Sunday, October 14, 2012

ROLLOFF analysis of Poles, Belarusians and Russians from central regions of Russia

A month ago  the notorious Reich lab released an alpha version of ADMIXTOOOLS version 1.0. The alpha version package was developed for in-house use, so the operating routine is not always self-explanatory. The goof thing, however, is that ADMIXTOOLS package maintains full format compatibility with another very well-known EIGENSOFT software program developed by the same lab. This makes the learning curve of ADMIXTOOLS much steeper and flatter. 

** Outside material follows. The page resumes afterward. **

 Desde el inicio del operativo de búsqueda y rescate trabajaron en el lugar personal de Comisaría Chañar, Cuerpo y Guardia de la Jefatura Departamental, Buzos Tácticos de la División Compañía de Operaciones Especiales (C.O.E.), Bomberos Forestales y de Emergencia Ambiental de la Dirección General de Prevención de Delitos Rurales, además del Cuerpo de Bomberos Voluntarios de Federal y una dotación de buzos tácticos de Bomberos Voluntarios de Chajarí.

The aforementioned package features 6 cool programs, among which i find most useful qp3Pop and rolloff. Due to limitations of this post, i am not going to discuss qp3pop in all details and for the purpose of my presentation it is suffice to say that this program implements three- population (f_3) test for treeness of populations from Reich et al. 2009
Rather i'd suggest reading ADMIXTOOLS supporting material, Dienekes' posts and Reich's paper to get an idea of what f_3 test is about.

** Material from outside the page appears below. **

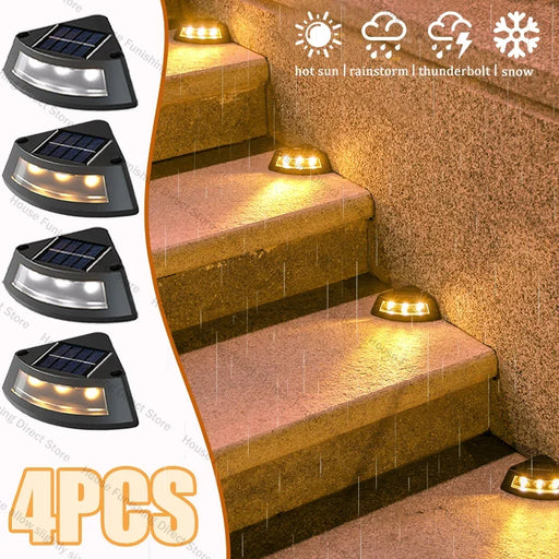 View full details4pcs Waterproof Solar Step Lights Auto Switch Easy To Use Stair Lighting Warm /White Light Solar Powered Garden Walkway Light

ROLOFF method, however, needs a closer look.This is a method that measures time since admixture. It does so by looking at the linkage disequilibrium between SNPs due to admixture.  Now it is time to recall the standard definition of the linkage disequilibrium. The linkage disequilibrium (further -LD) is the nonrandom association between two alleles such that certain combinations are more likely to occur together. As two SNPs get farther apart, we expect there to be less admixture LD.The rate of decline of admixture LD is directly related to the number of generations since admixture, since that indicates how many recombinations have occurred between any two SNPs. In short: Rolloff fits an exponential curve to a plot of admixture LD vs. distance, and uses the rate of exponential decline to calculate the generations since admixture. Given that one generation is roughly equal to 29 years, one can convert the number of generations since admixture into years.

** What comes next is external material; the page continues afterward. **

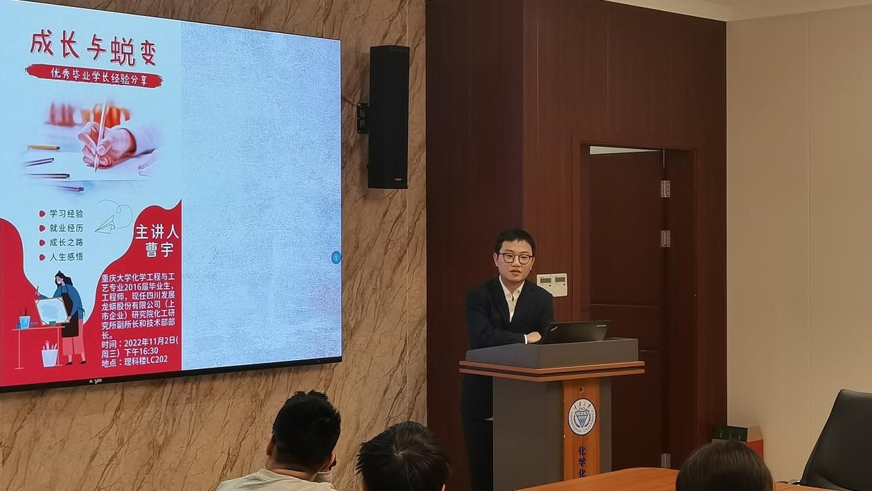化学工程与工艺2016届优秀毕业生曹宇主讲,2020级学生代表出席。

Dienekes has already tested ADMIXTOOLS programs with various worldwide populations, and among other he has carried out f_3 and rolloff analyses of Poles, Lithuanians, and Ukrainians.

Below are words from the man himself:

Using the aforementioned idea, I set out to see whether Lithuanians, who occupy the European end of the Europe-South Asia cline present such a signal of admixture LD. I used the Lithuanian_D sample from the Dodecad Project and the Balochi HGDP sample as reference populations (to calculate allele frequency differences), and the Behar et al. (2010) Lithuanians for admixture LD. There were only ~300k SNPs usuable in this set, but sufficient to detect the signal of admixture LD:
The admixture time estimate is 200.350 +/- 61.608 generations, or 5,810 +/- 1790 years. This is not very precise, probably because of the small number of SNPs and individuals used, but it certainly points to the Neolithic-to-Bronze Age for the occurrence of this admixture. The date is certainly reminiscent of the expansion of the Kurgan culture out of eastern Europe, or, the later Corded Ware culture of northern Europe.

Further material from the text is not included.